**Stored items:**
□ □ □ □ □ □ □

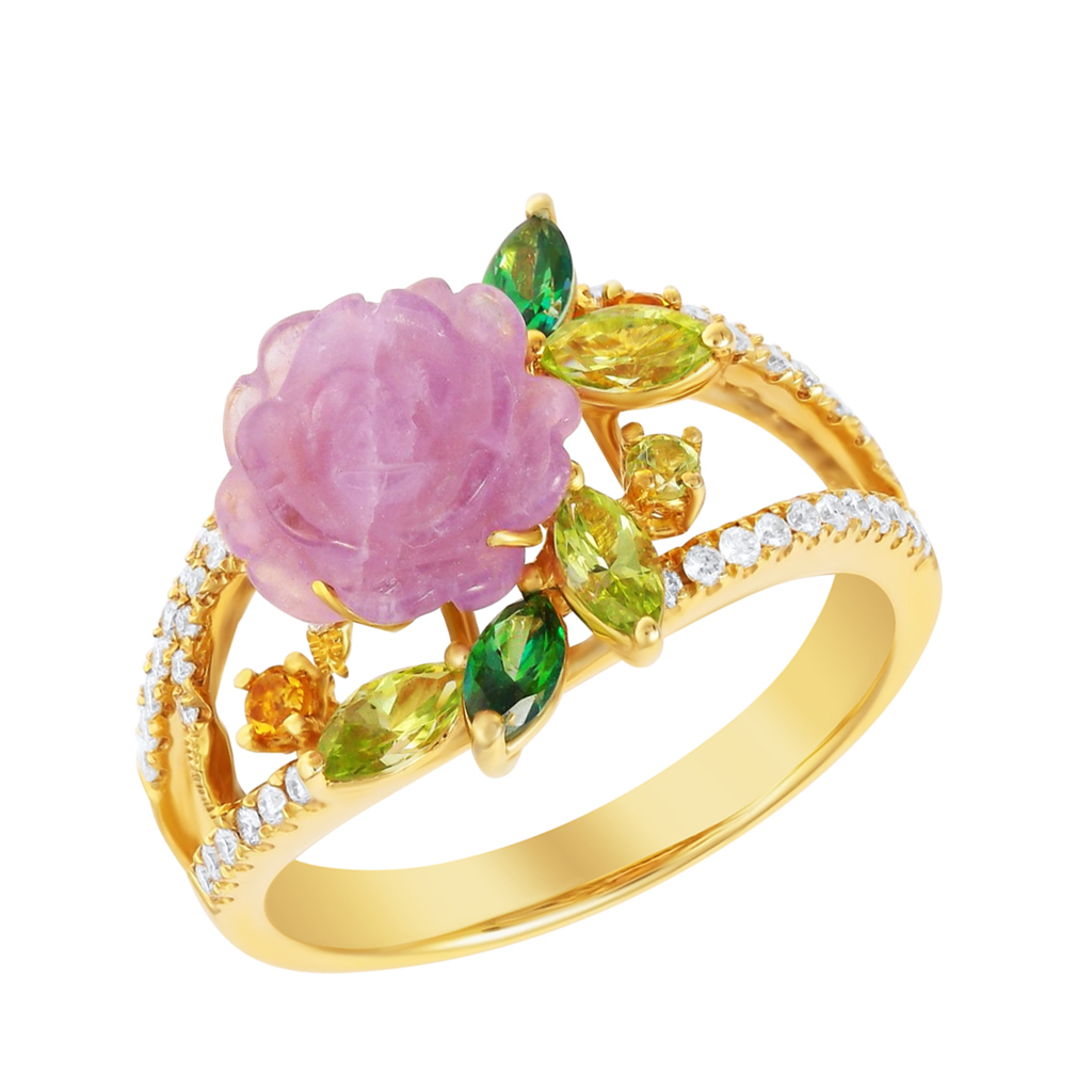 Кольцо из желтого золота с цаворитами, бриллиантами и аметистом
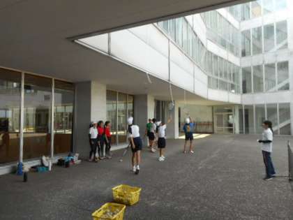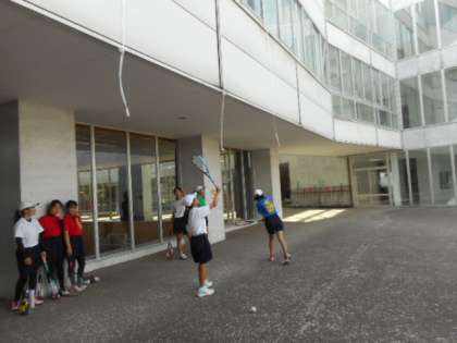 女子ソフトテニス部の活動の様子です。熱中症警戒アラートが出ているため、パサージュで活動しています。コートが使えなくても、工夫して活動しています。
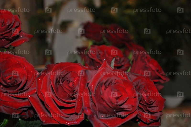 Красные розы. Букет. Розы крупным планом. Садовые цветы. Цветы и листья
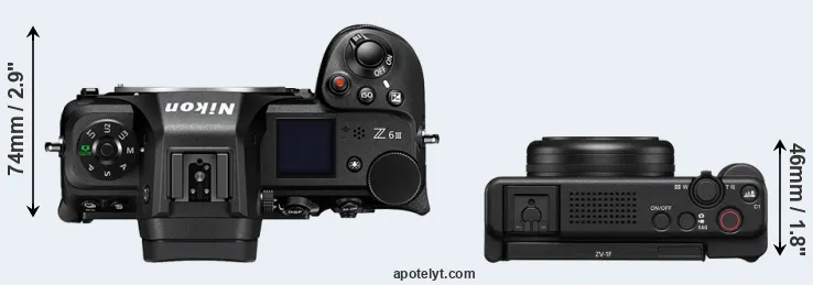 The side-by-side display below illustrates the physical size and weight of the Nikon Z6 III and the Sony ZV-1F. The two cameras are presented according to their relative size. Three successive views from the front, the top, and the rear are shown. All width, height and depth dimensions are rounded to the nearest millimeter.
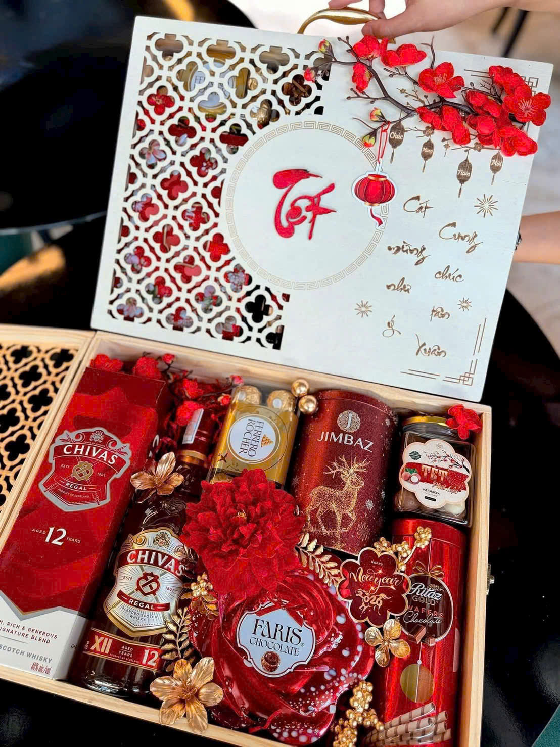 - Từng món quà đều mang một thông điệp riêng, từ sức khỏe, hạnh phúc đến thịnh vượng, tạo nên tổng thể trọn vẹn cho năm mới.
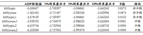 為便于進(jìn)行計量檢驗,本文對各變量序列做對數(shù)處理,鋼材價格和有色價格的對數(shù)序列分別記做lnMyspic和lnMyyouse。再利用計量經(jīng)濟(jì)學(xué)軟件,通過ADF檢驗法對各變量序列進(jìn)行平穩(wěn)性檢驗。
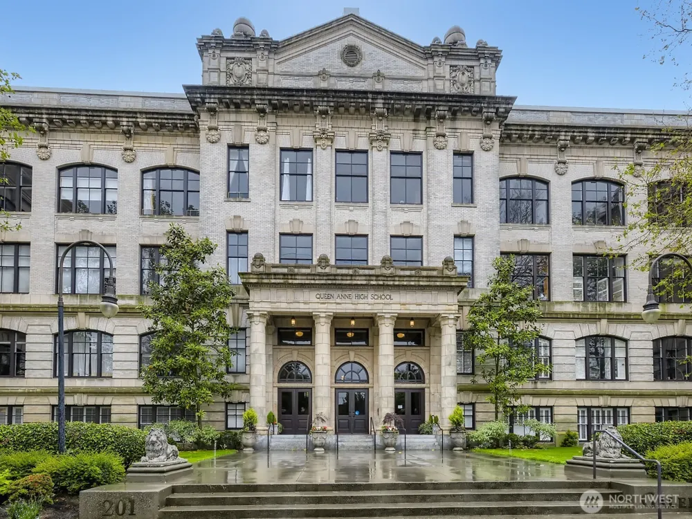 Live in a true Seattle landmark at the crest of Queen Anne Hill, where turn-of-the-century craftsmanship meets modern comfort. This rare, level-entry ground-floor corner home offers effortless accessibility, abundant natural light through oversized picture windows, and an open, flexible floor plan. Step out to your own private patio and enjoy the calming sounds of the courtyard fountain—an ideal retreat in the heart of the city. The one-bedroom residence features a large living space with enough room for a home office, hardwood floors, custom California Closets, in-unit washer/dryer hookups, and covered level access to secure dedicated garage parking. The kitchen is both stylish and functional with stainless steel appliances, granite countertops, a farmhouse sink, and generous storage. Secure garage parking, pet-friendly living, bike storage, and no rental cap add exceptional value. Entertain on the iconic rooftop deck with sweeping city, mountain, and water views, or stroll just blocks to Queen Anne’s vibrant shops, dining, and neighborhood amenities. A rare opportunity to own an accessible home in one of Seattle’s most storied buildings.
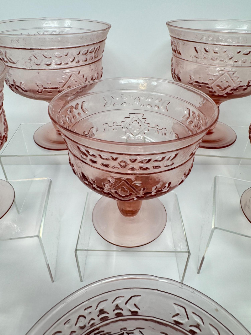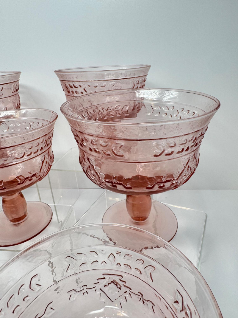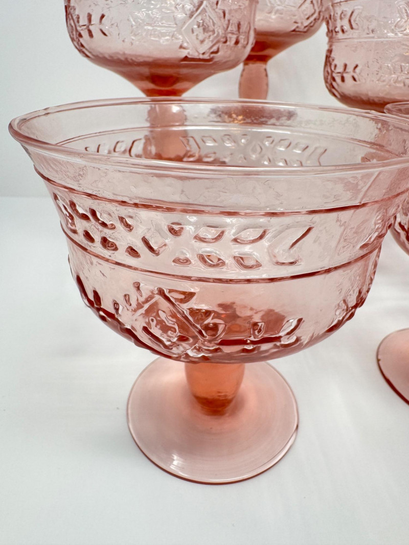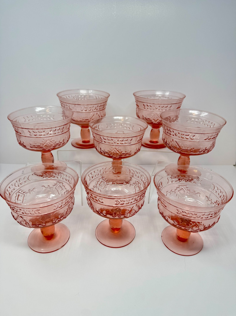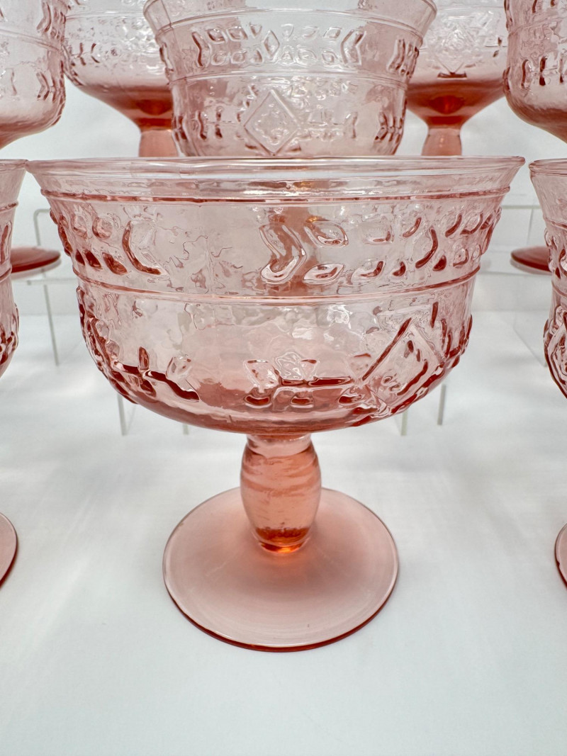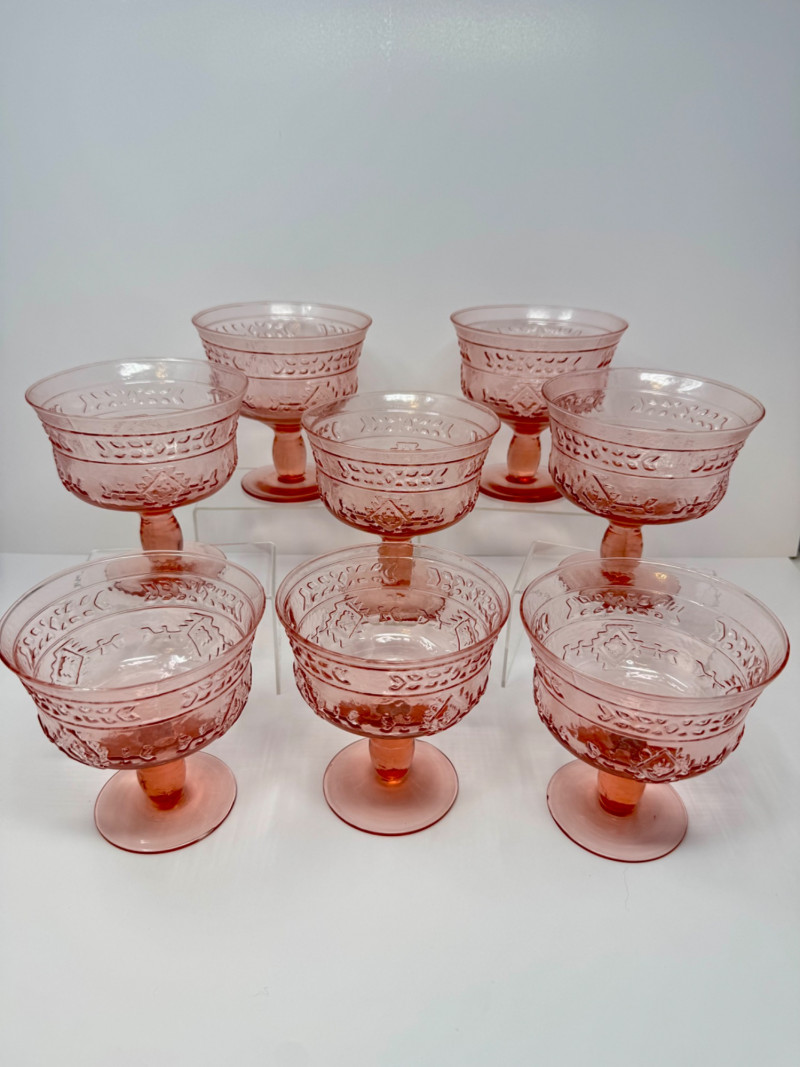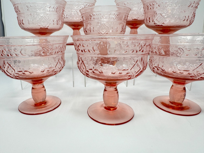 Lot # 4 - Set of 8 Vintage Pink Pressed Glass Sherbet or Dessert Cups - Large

□ □ □ □ □ □ □

**Task to complete:** The data above holds the lines to copy: start at the one with "- Từng món quà", stop at the one with "為便于進(jìn)行計量檢驗", include both, copy them exactly without pictures, and copy nothing else.

**Answer section:**
 - Từng món quà đều mang một thông điệp riêng, từ sức khỏe, hạnh phúc đến thịnh vượng, tạo nên tổng thể trọn vẹn cho năm mới.
 為便于進(jìn)行計量檢驗,本文對各變量序列做對數(shù)處理,鋼材價格和有色價格的對數(shù)序列分別記做lnMyspic和lnMyyouse。再利用計量經(jīng)濟(jì)學(xué)軟件,通過ADF檢驗法對各變量序列進(jìn)行平穩(wěn)性檢驗。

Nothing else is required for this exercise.